Can someone point me into the right direction?

Thank you

Answer 1

There are several issues with your code:

1. You are using accuracy for a regression problem, which is meaningless (accuracy is only applicable to classification problems). You should monitor the performance of your model only with the loss, here MSE (for the same reason, you don't need to import confusion_matrix or categorical_crossentropy).

2. You erroneously use sigmoid activation for your last layer; in regression problems, this should be linear (or leave blank, as linear is the default Keras activation).

3. You should use the relu activation for your intermediate layers, not sigmoid.

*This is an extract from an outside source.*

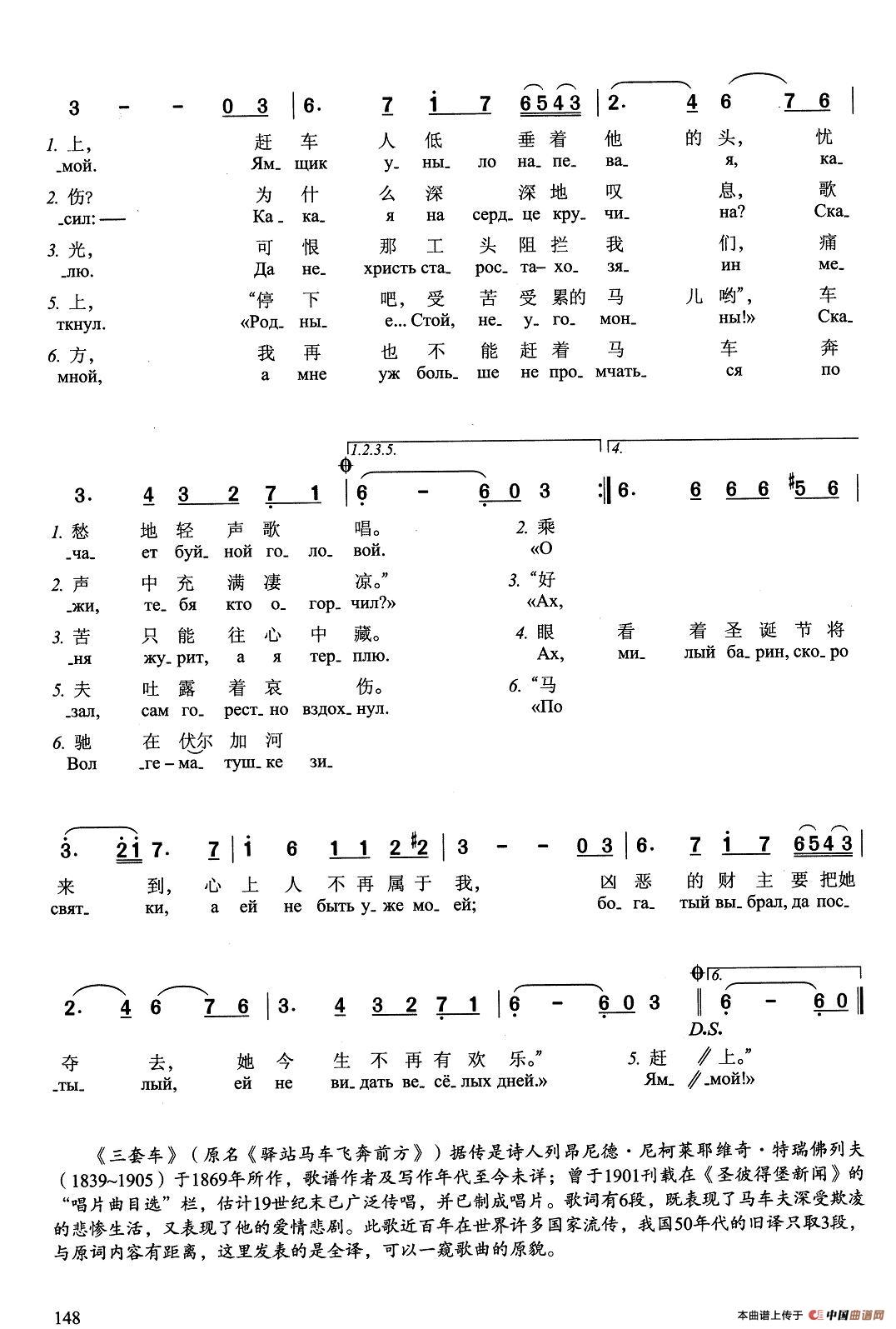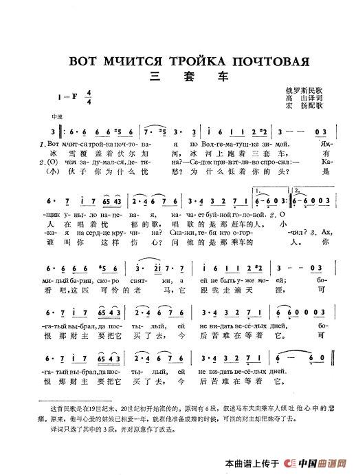 曲谱:三套车Вот,мчится,тройка почтовая(中俄简谱)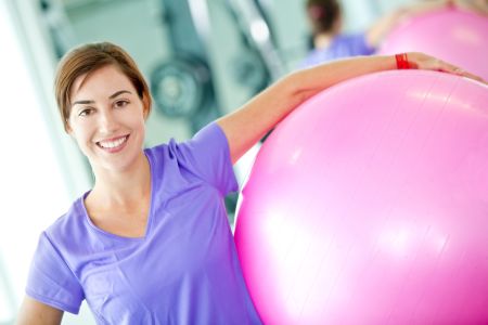 Happy woman at the gym with a pilates ball

4. Your model looks way too simple, and it is unclear why you feel constrained to just use 2-node layers (you should not, except of course for the output one).

All in all, here is a starting point:

model = Sequential([
    Dense(30, input_shape=(2,), activation='relu'),
    # Dense(10, activation='relu'), # uncomment for experimentation
    Dense(2, activation='linear'),
])

model.compile(SGD(lr=0.01), loss='mean_squared_error')

but the code word here is experimentation...

Last but not least, you seem to have a typo in your model.fit() (you pass two times the labels, instead of the samples) - be sure to fix this, too.